5 Ways a US-China Investment Treaty Would Help China

5 Ways a US-China Investment Treaty Would Help China_1
A US-China BIT would bring greater competition to Chinese factories

A US-China BIT would bring greater competition to Chinese factories

In a roundtable co-hosted by the Paulson Institute at the annual US-China Joint Commission on Commerce and Trade meeting on December 17 in Chicago, the one thing that both US and Chinese business leaders consistently called for was a level playing field. What’s the smartest way to achieve that goal? A Bilateral Investment Treaty.

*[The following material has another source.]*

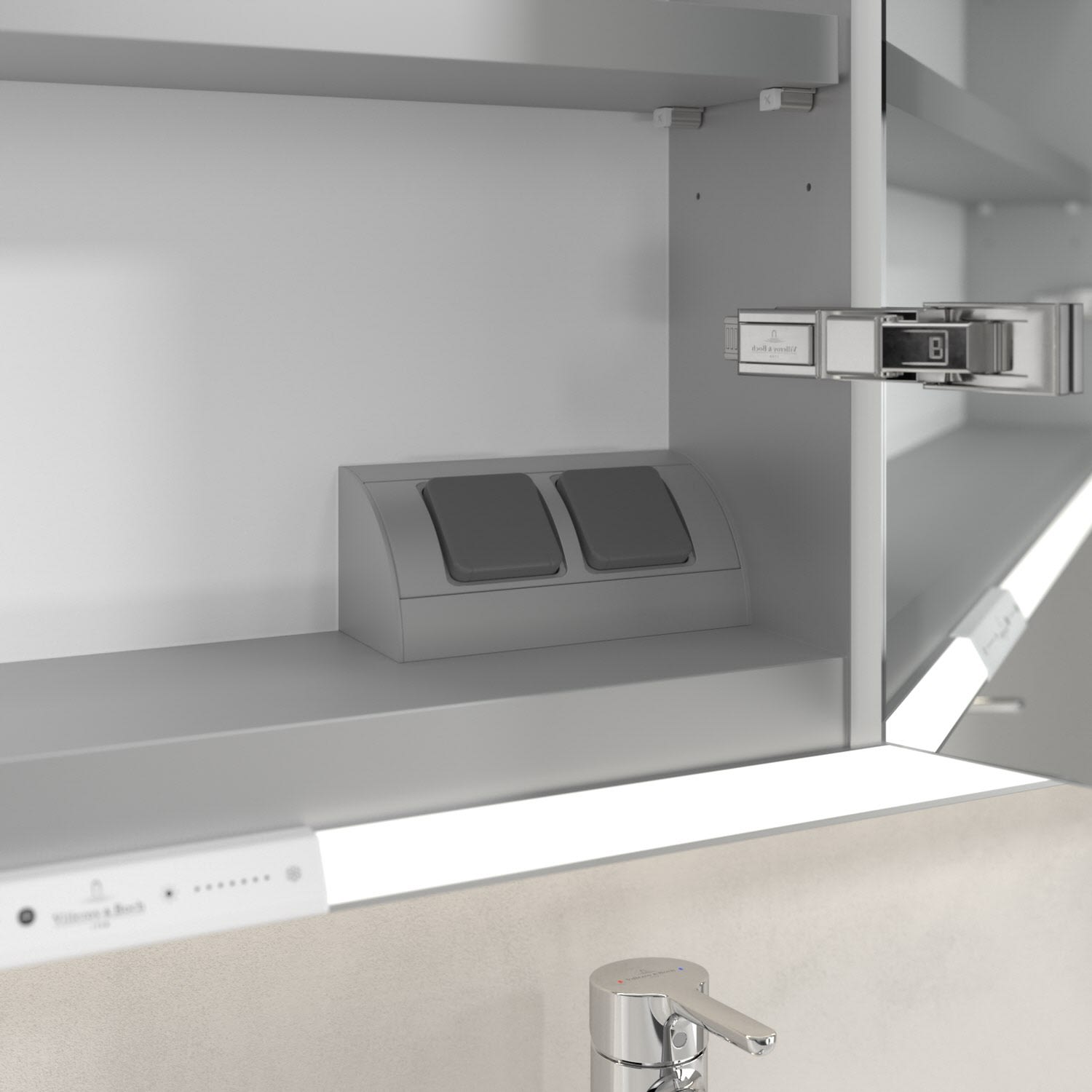 Das umlaufende LED-Lichtband sorgt für eine gleichmäßige Ausleuchtung, die integrierte Waschtischbeleuchtung und die beleuchteten offenen Fächer schaffen ein stimmungsvolles Ambiente. Helligkeit und Farbtemperatur lassen sich bequem per Sensor oder Smart-Home-Steuerung einstellen. Filigrane Griffe ermöglichen ein bequemes Öffnen der Türen ohne Fingerabdrücke, eine innenliegende Doppelsteckdose bietet zusätzliche Funktionalität.
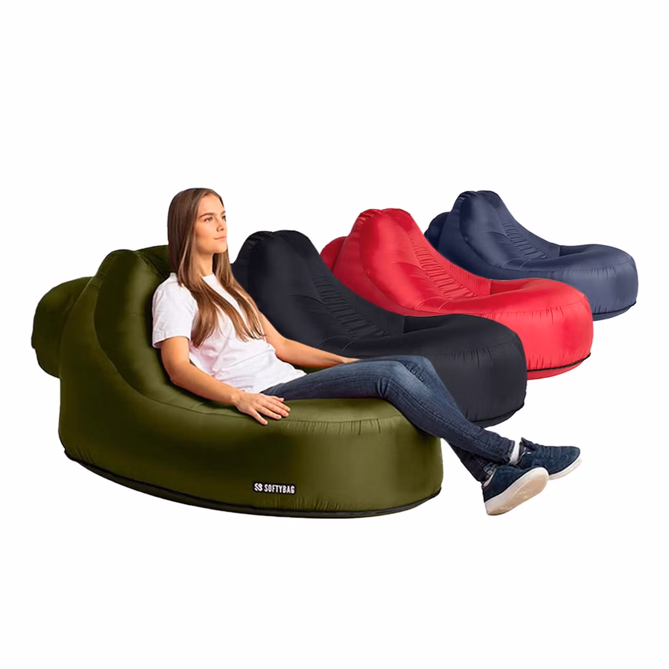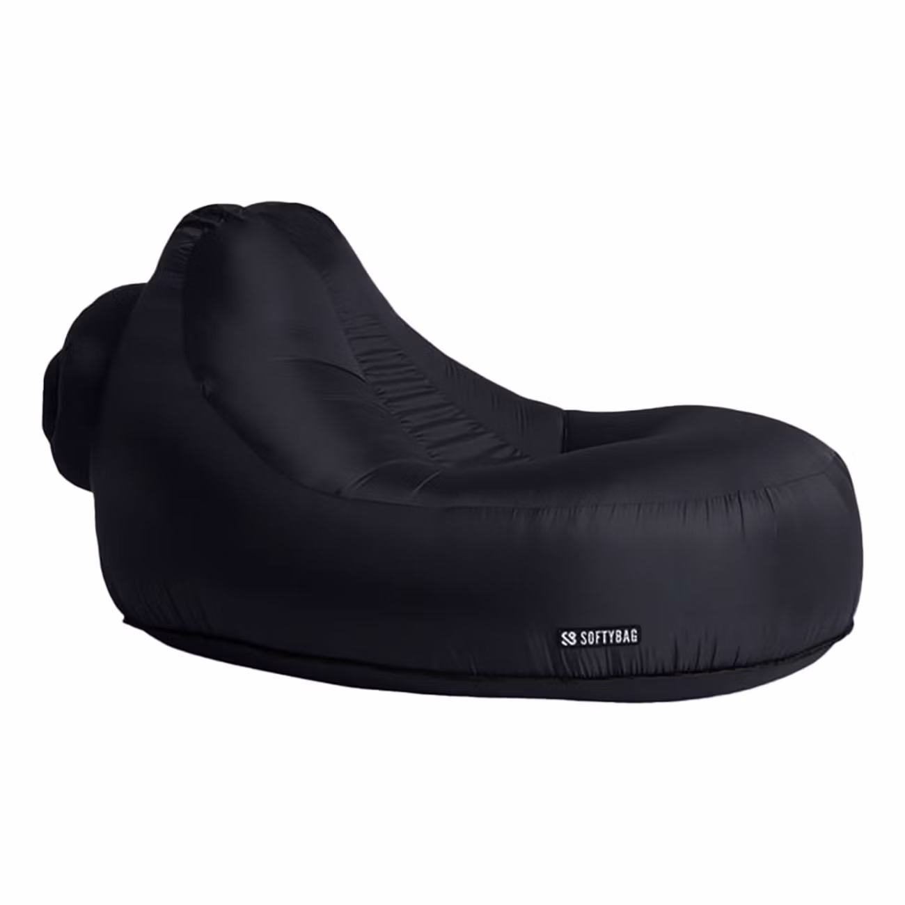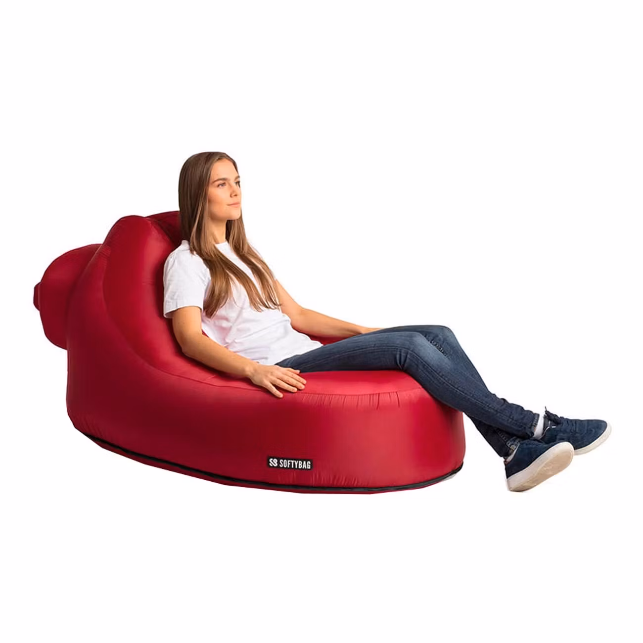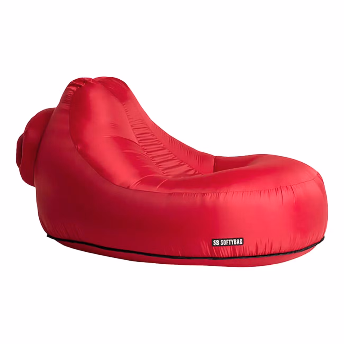 Softybag Uppblåsbar Fåtölj fylls med luft via ”Air Scooping Method”. Ta tag i bagen vid öppningen, öppna upp och svep i rak linje genom luften. Upprepa tre-fyra gånger eller tills påsen är cirka 70 % fylld. Rulla upp den stängda öppningen tills du inte kan rulla längre och stäng spännet.

Here, according to “BIT by BIT,” a Paulson Institute paper, are five reasons a BIT would be good for China:

  1. Just as China’s World Trade Organization market-access commitments helped accelerate reforms in China, a BIT could serve President Xi Jinping’s reform agenda: by helping reduce domestic economic distortions, increasing market transparency and promoting competition.
  2. A BIT would help China rebalance its economy away from state investment in fixed assets to greater reliance on consumption—another key reform goal.
  3. By exposing more Chinese firms to American companies and their managerial expertise, a BIT would help China move up the value chain into innovative industries with higher wages.
  4. A BIT would help reorient the Chinese economy toward the private sector by increasing the pool of capital available to private companies.
  5. A BIT would mitigate uncertainty created by the shifting political winds on attitudes toward Chinese investment in the United States.